Exercise material.
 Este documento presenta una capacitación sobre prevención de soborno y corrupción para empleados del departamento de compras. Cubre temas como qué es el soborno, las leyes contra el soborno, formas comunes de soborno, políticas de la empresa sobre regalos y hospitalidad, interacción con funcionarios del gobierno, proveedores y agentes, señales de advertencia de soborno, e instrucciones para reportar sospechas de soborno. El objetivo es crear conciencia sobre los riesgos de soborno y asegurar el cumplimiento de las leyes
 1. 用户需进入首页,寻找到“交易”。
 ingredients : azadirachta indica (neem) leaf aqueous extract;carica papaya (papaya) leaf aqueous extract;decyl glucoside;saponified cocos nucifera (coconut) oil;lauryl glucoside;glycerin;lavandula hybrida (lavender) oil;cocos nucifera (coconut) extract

---

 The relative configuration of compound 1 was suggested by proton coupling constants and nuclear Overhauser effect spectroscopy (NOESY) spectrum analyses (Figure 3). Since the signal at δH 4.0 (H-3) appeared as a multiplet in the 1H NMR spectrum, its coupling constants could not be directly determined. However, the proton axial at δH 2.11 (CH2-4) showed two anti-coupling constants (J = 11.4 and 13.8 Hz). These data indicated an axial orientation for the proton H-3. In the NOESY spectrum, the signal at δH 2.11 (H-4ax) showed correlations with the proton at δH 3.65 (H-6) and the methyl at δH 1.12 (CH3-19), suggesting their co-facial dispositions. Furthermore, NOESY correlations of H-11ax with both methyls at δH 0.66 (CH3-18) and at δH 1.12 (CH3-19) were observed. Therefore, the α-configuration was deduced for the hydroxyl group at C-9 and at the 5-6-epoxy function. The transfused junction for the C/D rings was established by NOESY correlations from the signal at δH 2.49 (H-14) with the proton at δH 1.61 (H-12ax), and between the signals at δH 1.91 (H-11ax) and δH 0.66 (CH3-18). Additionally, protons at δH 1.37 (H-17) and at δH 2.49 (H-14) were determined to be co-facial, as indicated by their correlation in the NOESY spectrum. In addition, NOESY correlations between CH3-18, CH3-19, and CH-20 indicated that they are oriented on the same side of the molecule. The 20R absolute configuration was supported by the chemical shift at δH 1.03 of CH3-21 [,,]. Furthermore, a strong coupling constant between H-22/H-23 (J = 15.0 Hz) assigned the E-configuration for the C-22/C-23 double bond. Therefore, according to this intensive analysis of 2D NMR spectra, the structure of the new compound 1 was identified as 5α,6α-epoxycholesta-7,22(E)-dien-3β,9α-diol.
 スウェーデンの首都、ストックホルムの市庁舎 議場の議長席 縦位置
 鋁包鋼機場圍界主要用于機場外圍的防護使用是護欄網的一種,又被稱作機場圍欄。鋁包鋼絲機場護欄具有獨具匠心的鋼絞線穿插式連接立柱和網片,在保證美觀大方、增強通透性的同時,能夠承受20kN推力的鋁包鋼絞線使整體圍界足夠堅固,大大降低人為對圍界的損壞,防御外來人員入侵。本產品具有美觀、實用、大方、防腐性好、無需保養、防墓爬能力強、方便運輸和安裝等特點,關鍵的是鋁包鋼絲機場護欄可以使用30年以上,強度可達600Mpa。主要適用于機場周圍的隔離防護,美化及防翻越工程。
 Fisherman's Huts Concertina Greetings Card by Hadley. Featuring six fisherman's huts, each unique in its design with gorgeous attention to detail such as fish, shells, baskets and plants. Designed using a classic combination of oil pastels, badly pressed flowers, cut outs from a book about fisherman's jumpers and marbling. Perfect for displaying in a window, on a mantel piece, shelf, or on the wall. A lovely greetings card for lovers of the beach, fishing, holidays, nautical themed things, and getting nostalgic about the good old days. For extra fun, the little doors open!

...

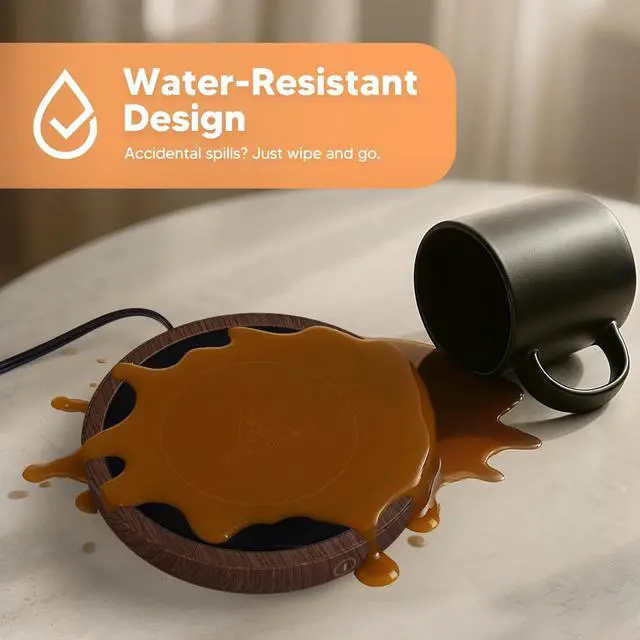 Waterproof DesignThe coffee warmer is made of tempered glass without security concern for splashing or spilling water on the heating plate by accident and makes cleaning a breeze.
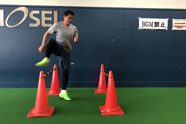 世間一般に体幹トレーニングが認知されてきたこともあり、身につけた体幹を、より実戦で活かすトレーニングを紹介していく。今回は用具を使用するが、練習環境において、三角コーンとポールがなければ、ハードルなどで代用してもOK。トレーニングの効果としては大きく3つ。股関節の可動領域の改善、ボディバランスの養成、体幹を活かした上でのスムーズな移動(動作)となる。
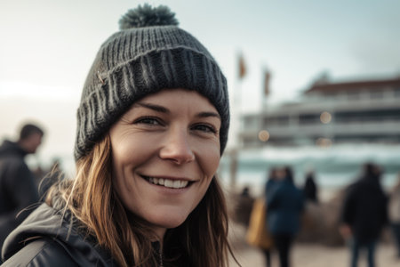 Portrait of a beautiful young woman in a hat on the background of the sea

Task details. Please return only the lines above, starting at the line that has "Este documento presenta" and ending at the line that has "ingredients : azadirachta", keeping both and leaving each one unchanged.

Response area.
 Este documento presenta una capacitación sobre prevención de soborno y corrupción para empleados del departamento de compras. Cubre temas como qué es el soborno, las leyes contra el soborno, formas comunes de soborno, políticas de la empresa sobre regalos y hospitalidad, interacción con funcionarios del gobierno, proveedores y agentes, señales de advertencia de soborno, e instrucciones para reportar sospechas de soborno. El objetivo es crear conciencia sobre los riesgos de soborno y asegurar el cumplimiento de las leyes
 1. 用户需进入首页,寻找到“交易”。
 ingredients : azadirachta indica (neem) leaf aqueous extract;carica papaya (papaya) leaf aqueous extract;decyl glucoside;saponified cocos nucifera (coconut) oil;lauryl glucoside;glycerin;lavandula hybrida (lavender) oil;cocos nucifera (coconut) extract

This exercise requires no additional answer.